Sunbelt Specialties v. Keith

410 S.E.2d 364 | Ga. Ct. App. | 1991

Sognier, Chief Judge.

Walter Keith was injured in the course of his employment with Sunbelt Specialties and was awarded total disability income benefits under the Workers’ Compensation Act, OCGA § 34-9-1 et seq. Sunbelt and its insurer subsequently sought to suspend payment of benefits to Keith on the basis that he had experienced a change of condition for the better. OCGA § 34-9-104. The administrative law judge ruled in favor of the employer, and the State Board of Workers’ Compensation adopted the ALJ’s findings and ruling. The Superior Court of Camden County remanded the case for consideration of an issue the judge found had not been evaluated on the record, and we granted the application for discretionary review filed by Sunbelt and its insurer.

1. We find no merit in appellants’ contention that the superior court’s order is null and void because it was not entered within 20 days of the hearing as required by OCGA § 34-9-105 (b). Although the date stamped on the order by the clerk’s office indicates that the order was filed untimely, the superior court corrected the record to reflect that the order was filed the day it was rendered, which was within the 20 day statutory period. The superior court has the power to amend its own records so as to make them conform to the truth. OCGA § 15-1-3 (6).

2. Appellants contend the superior court erred by failing to affirm the Board’s award. The record reveals that in 1966, appellee had spinal fusion surgery. Appellee testified that he had never had any problem with his back from the time of the spinal fusion surgery until March 19, 1988 when he injured his back picking up some heavy construction materials, and that since the injury he has been totally unable to do any work. The doctor who conducted an independent medical examination of appellee 21 months after the injury opined that appellee’s problems stemmed from the preexisting spinal fusion (which the doctor estimated resulted in a 20 percent impairment to appellee’s body as a whole) and concluded that although appellee “might” have some additional loss of motion associated with the March 19 injury, the physical impairment from this lost range of motion would not exceed five percent to the body as a whole and “might not be permanent.”
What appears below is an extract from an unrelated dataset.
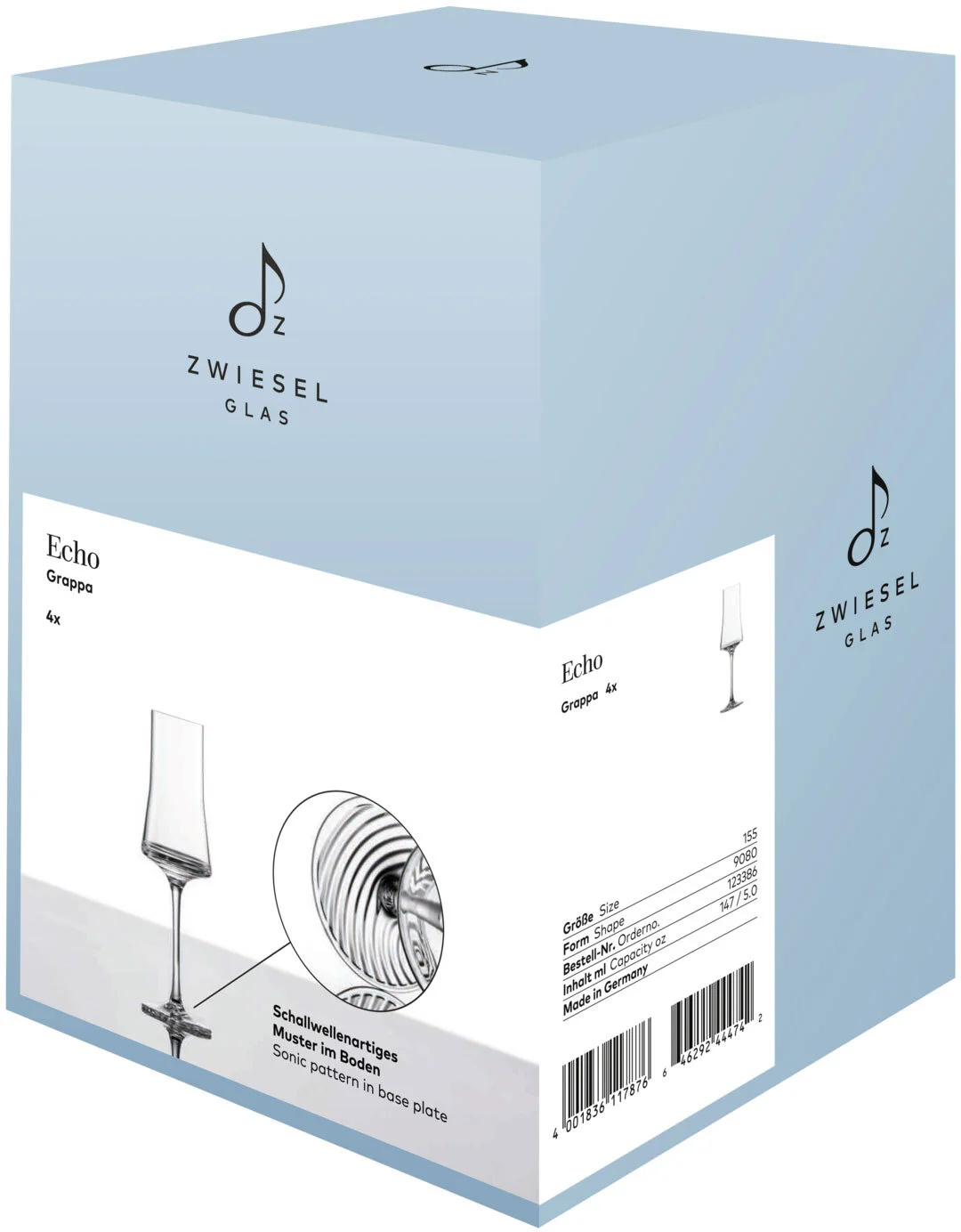 Kolekcja ECHO to pełna elegancji i wdzięku gra światła i formy. Falisty wzór w podstawach szklanek i kieliszków, harmonijnie mieni się i zachwyca grą światła i barw napoju. Złoto-miedziane kolory szkockich, irlandzkich single maltów czy wysokiej klasy japońskich whisky są doskonale uwydatnione przez charakterystyczne dno szklanki. Gruba podstawa szklanek zapewnia stabilność i dłużej utrzymuje napój we właściwej temperaturze. Kolekcja zachwyca również idealnym kształtem kieliszka, delikatną nóżką i charakterystycznym wzorem na jego podstawie. Kieliszki do grappy, martini, ginu czy szampana będą wyjątkowym akcentem podczas wyjątkowych chwil. Krystalicznie czyste szkło pięknie podkreśli niuanse koktajli, klasycznych long drinków czy ulubionych win.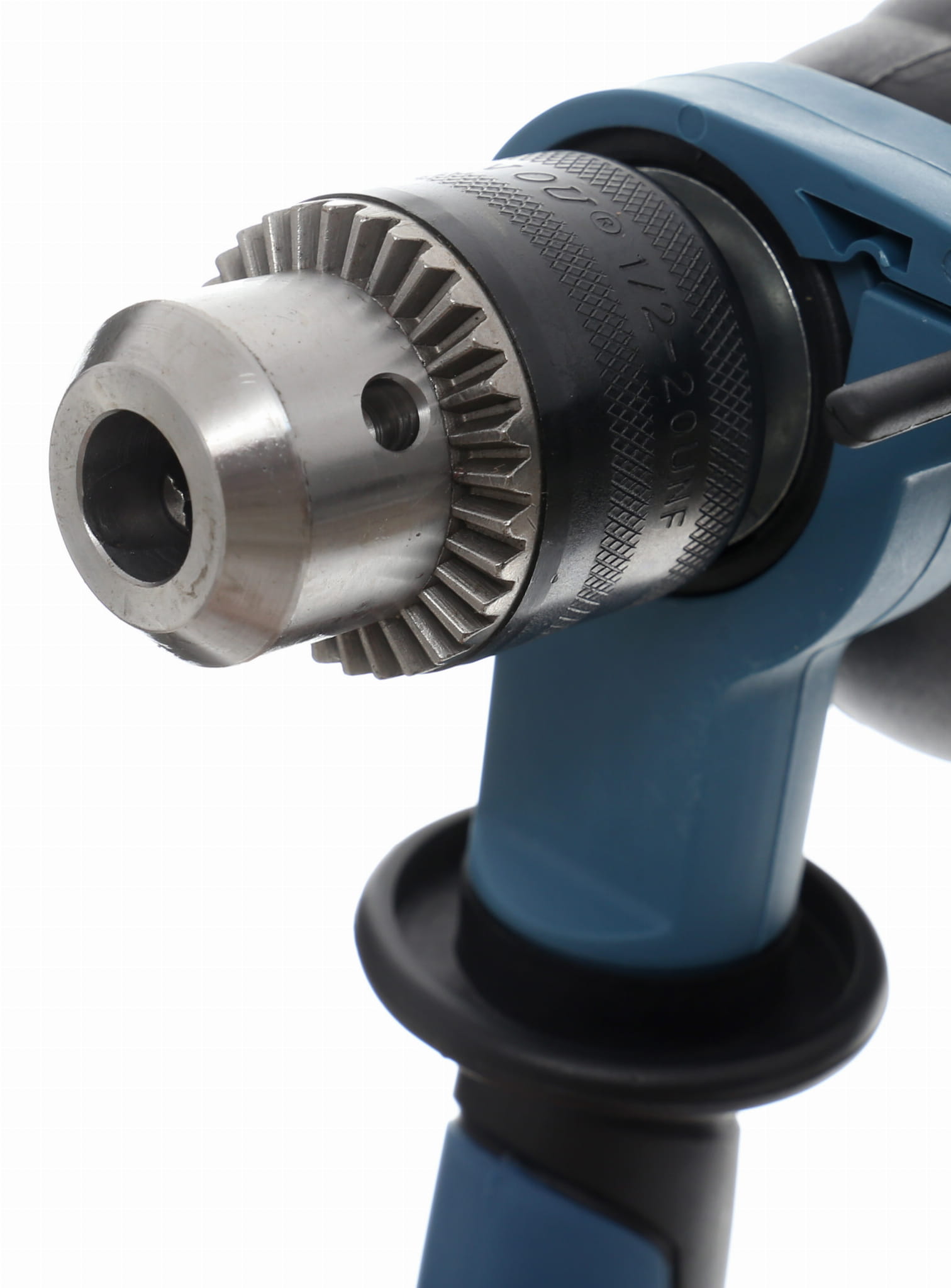 Główna rękojeść wykonana z antypoślizgowego materiału zapewnia stabilny chwyt nawet przy wilgotnych dłoniach. Dodatkowa rękojeść boczna umożliwia oburęczne trzymanie urządzenia, co jest istotne przy wierceniu z większym dociskiem — zwiększa kontrolę nad kierunkiem wiercenia i redukuje zmęczenie podczas dłuższej pracy.

The superior court found that the Board and ALJ had failed to evaluate on the record the effect of appellee’s March 19 injury on his *168preexisting injury because “[t]he omission from the [ALJ’s] decision of any discussion of the impact an injury causing an impairment of approximately 5 % would have on the work ability of a person with a pre-existing impairment estimated at 20 % casts doubt on whether that critical issue was considered.” However, the record reveals that after summarizing the testimony before him and further finding appellee’s credibility questionable (for reasons properly set forth in the ruling), the ALJ found that “any disability [appellee] may be presently experiencing is related solely to conditions which preexisted” the March 19 injury, that appellee failed to produce any medical evidence which directly related his current disability to the March 19 injury, “nor did [appellee] produce any direct medical evidence which established that his [March 19 injury] aggravated his preexisting back condition.” It is thus apparent that based on appellee’s lack of credibility and the inadequacy of appellee’s medical evidence, the ALJ determined that appellee was suffering from no impairment as a result of the March 19 injury. Applying the any evidence rule, see generally Harden v. Southeastern Meat Co., 196 Ga. App. 22, 24 (1) (395 SE2d 273) (1990), we find the ALJ’s determination on this matter is supported by the record. Given that determination, there was no reason for the ALJ or the Board to reach the issue raised by the superior court. Accordingly, the superior court erred by remanding this case.

Decided September 10, 1991. Drew, Eckl & Farnham, John A. Ferguson, Jr., Nicole D. Tifverman, for appellants. T. William Veach, for appellee.

Judgment reversed.

McMurray, P. J., and Andrews, J., concur.